Charge Carrier Concentration Measurement (THz)
Charge carrier concentration measurement with terahertz technologies
Non-contact semiconductor characterization for the next generation of power electronics
As semiconductor devices become smaller, faster, and more powerful, accurate knowledge of material properties such as charge carrier concentration and mobility becomes critical. These parameters define the performance, efficiency, and reliability of power devices in electric vehicles, renewable energy converters, and high-voltage electronics.
Traditional methods such as mercury capacitance-voltage (mCV) or four-point probe techniques require physical contact with the sample. They are slow, often destructive, and susceptible to contamination, an issue that is especially problematic for high-purity materials like silicon carbide (SiC) or gallium nitride (GaN).
Terahertz time-domain spectroscopy (THz-TDS) changes the game. It enables contact-free, fast, and spatially resolved measurement of charge carrier density and mobility directly on wafers, under ambient conditions, without any electrodes or surface preparation.
Principle: THz time-domain spectroscopy in reflection geometry
THz-TDS measures how broadband terahertz pulses interact with a semiconductor. When a THz pulse strikes the surface, a part of the pulse reflects from each internal interface and is modified by the free carriers within the material.
From these reflected signals, both the amplitude and phase can be analyzed to extract electrical conductivity, plasma frequency, and ultimately charge carrier concentration (N). The underlying model follows Drude’s theory, linking the material’s dielectric response to the density and mobility of charge carriers.
By comparing the measured and simulated reflection waveforms, the charge carrier concentrations of both the epilayer and the buffer can be determined simultaneously. This unique capability enables full-stack characterization of semiconductor wafers such as 4H-SiC, even when the epilayers differ by three orders of magnitude in their doping concentration (J. Hennig et al., Opt. Express 33:22 (2025) 45828).
Why THz? Contact-free, fast, and quantitative
Unlike traditional electrical methods, THz spectroscopy works without electrodes or chemical/physical contact. The sample remains pristine, avoiding contaminations or surface damage.
Even more importantly, THz-TDS provides depth-sensitive information, being able to probe through multilayer stacks that are opaque to visible and infrared light.
Key benefits:
- Contactless measurement: No physical contact, no chemical residue, no sample preparation.
- Simultaneous layer evaluation: Access both epilayer and substrate properties in one step.
- Wide dynamic range: Detects carrier concentrations across several orders of magnitude.
- High spatial resolution: Enables full wafer mapping with sub-millimeter precision.
- Non-destructive: Suitable for production-line quality control and research metrology alike.
High-speed ECOPS: Enabling industrial throughput
In industrial semiconductor environments, measurement speed and robustness are as crucial as accuracy. This is where Electronically Controlled Optical Sampling (ECOPS) has revolutionized THz metrology.
ECOPS-based THz systems such as TOPTICA’s TeraFlash smart acquire complete THz time-domain waveforms at kHz sampling speeds. This enables the rapid scanning of entire wafers.
Advantages of high-speed ECOPS for charge carrier mapping:
- Faster than contact-based methods, up to 200× shorter measurement times than mCV.
- Insensitive to acoustic noise or mechanical vibrations. The fast sampling “freezes” disturbances, ensuring stable results in industrial environments.
- Real-time wafer mapping, with thousands of points measured in minutes.
In a collaboration between Fraunhofer Institute for Industrial Mathematics (ITWM), Fraunhofer Institute for Integrated Systems and Device Technology (IISB), Technical University Freiberg, Freiberg Instruments and TOPTICA Photonics, an entire SiC wafer was mapped in under 70 minutes with more than 17,000 data points, compared to 20 minutes for only 25 points using mCV. The results demonstrated a good agreement between THz-derived carrier densities and mCV reference measurements.

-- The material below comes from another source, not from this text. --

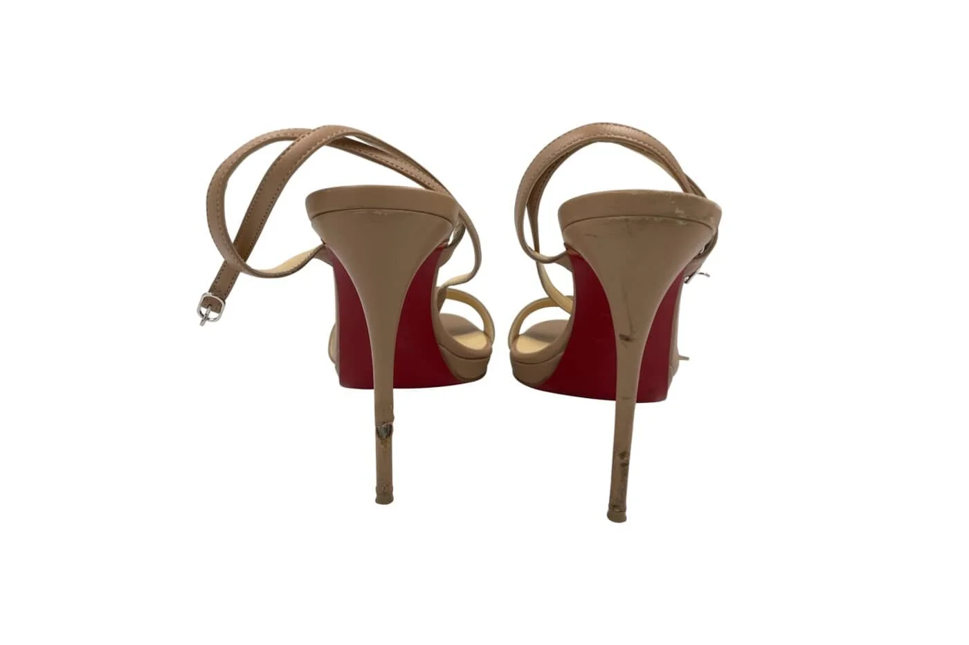 The heel blocks on these Christian Louboutin Loubi Queen leather sandals had been severely scratched and torn, leaving the shoes looking old and worn. When the customer reached out to us for a free diagnosis / quote, we offered to replace the heel tips and replace the heel blocks, covering / wrapping them with entirely new leather.

Comparison with conventional methods
| Feature | THz-TDS (with ECOPS) | Mercury C-V / Four-point probe |
|---|---|---|
| Contact required | No | Yes |
| Sample preparation | None | Surface polishing / cleaning |
| Measurement time | Milliseconds .. seconds per point | Minutes per point |
| Contamination risk | None | Mercury residue or damage |
| Spatial mapping | Full wafer (X-Y scan) | Point-by-point |
| Multilayer capability | Yes (epi + substrate) | No |
| Operation environment | Ambient | Controlled lab setup |
| Automation potential | High | Low |
Conclusion
The transition to SiC and other wide-bandgap semiconductors demands new metrology tools that match the materials’ complexity and production speed. Terahertz time-domain spectroscopy fulfills this need, delivering non-contact, broadband, and high-speed measurements of charge carrier concentration and wafer uniformity.
With ECOPS-based THz systems like TOPTICA's TeraFlash smart, wafer mapping that once took hours now takes minutes. The result: precise, contamination-free, and industrially viable semiconductor inspection, paving the way towards future high-efficiency power devices.